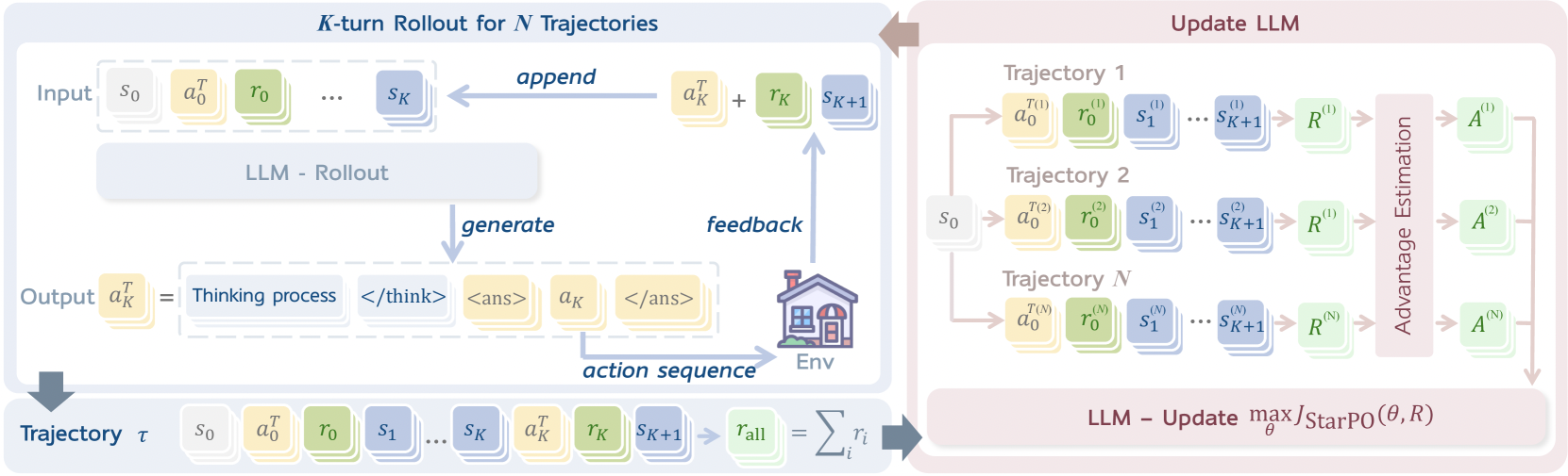 J_\text{StarPO}(\theta)=\mathbb{E}_{M,\tau\sim\pi_\theta}[R(\tau)] $$
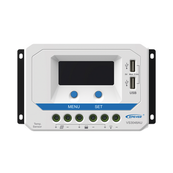 Controlador solar VS-3048-AU 12/24/36/48 V 30 A con doble salida USB y pantalla LCD. Es un controlador de carga inteligente PWM, conexión a tierra positiva común, cuenta con múltiples modos de control de carga y ofrece amplia protección electrónica. Ideal para cargar dispositivos USB de forma eficiente y muy fácil de usar.
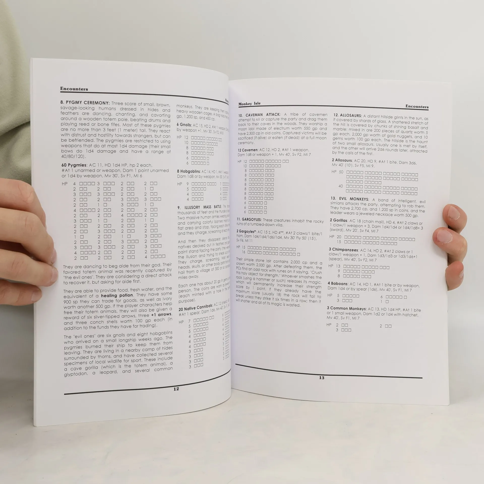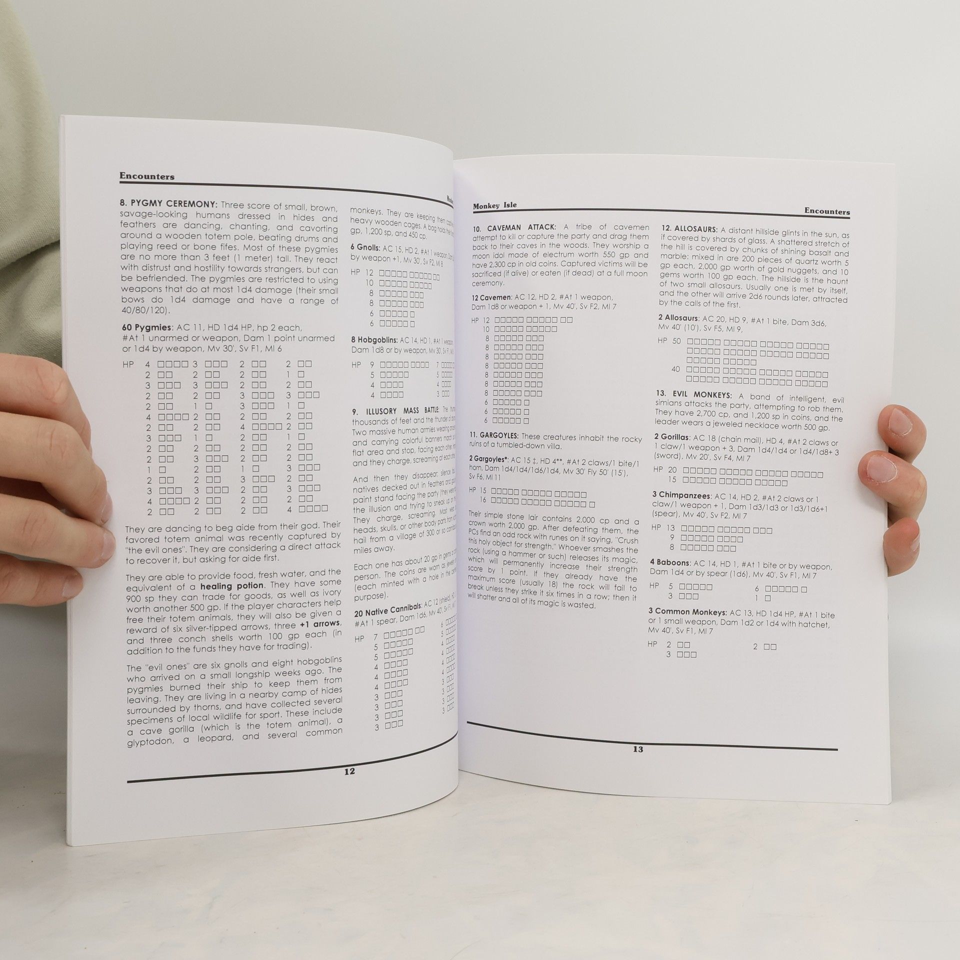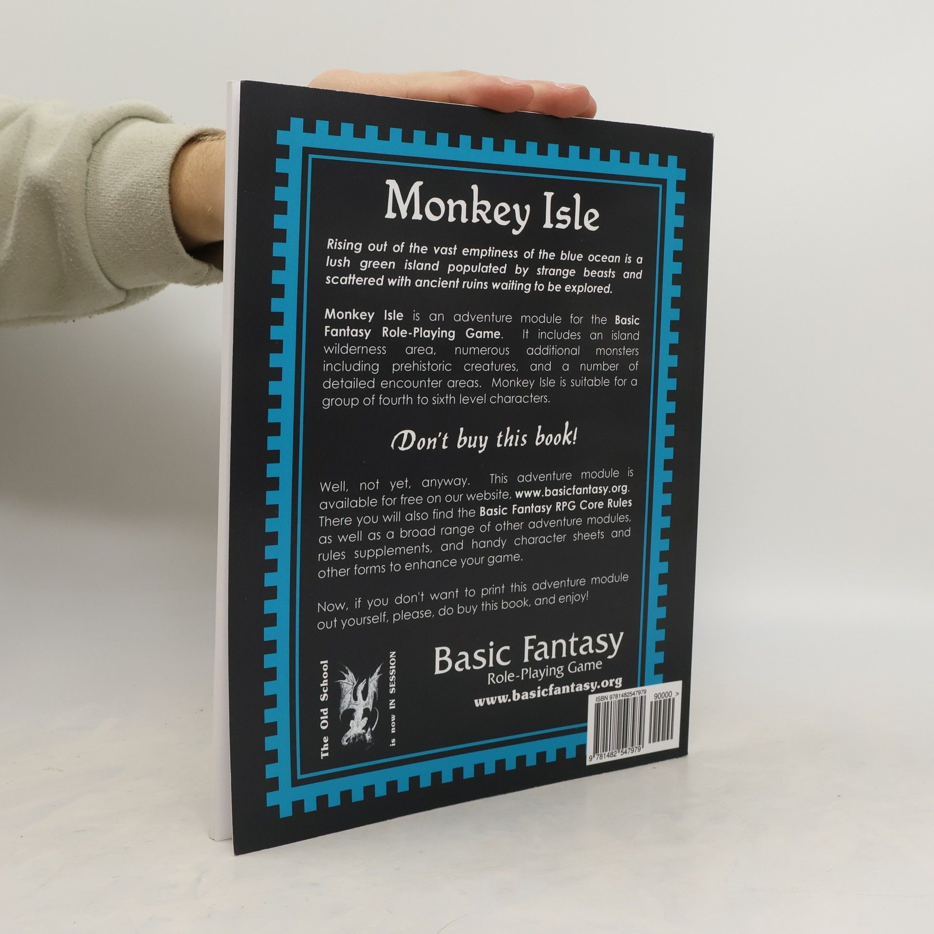 Rising out of the vast emptiness of the blue ocean is a lush green island filled with ancient beasts and scattered strange ruins waiting to be explored. Monkey Isle is an adventure module for the Basic Fantasy Role-Playing Game. It includes a map of the island, numerous adventure locations (both wilderness and dungeon), and an extensive section detailing new monsters for the game. Monkey Isle is suitable for a group of fourth to sixth level characters,

### GOAL OF THE EXERCISE
Set the listing down in full and exactly. Pictures within it should not appear in the copy.

### EXERCISE ANSWER
 J_\text{StarPO}(\theta)=\mathbb{E}_{M,\tau\sim\pi_\theta}[R(\tau)] $$
 Controlador solar VS-3048-AU 12/24/36/48 V 30 A con doble salida USB y pantalla LCD. Es un controlador de carga inteligente PWM, conexión a tierra positiva común, cuenta con múltiples modos de control de carga y ofrece amplia protección electrónica. Ideal para cargar dispositivos USB de forma eficiente y muy fácil de usar.
 Rising out of the vast emptiness of the blue ocean is a lush green island filled with ancient beasts and scattered strange ruins waiting to be explored. Monkey Isle is an adventure module for the Basic Fantasy Role-Playing Game. It includes a map of the island, numerous adventure locations (both wilderness and dungeon), and an extensive section detailing new monsters for the game. Monkey Isle is suitable for a group of fourth to sixth level characters,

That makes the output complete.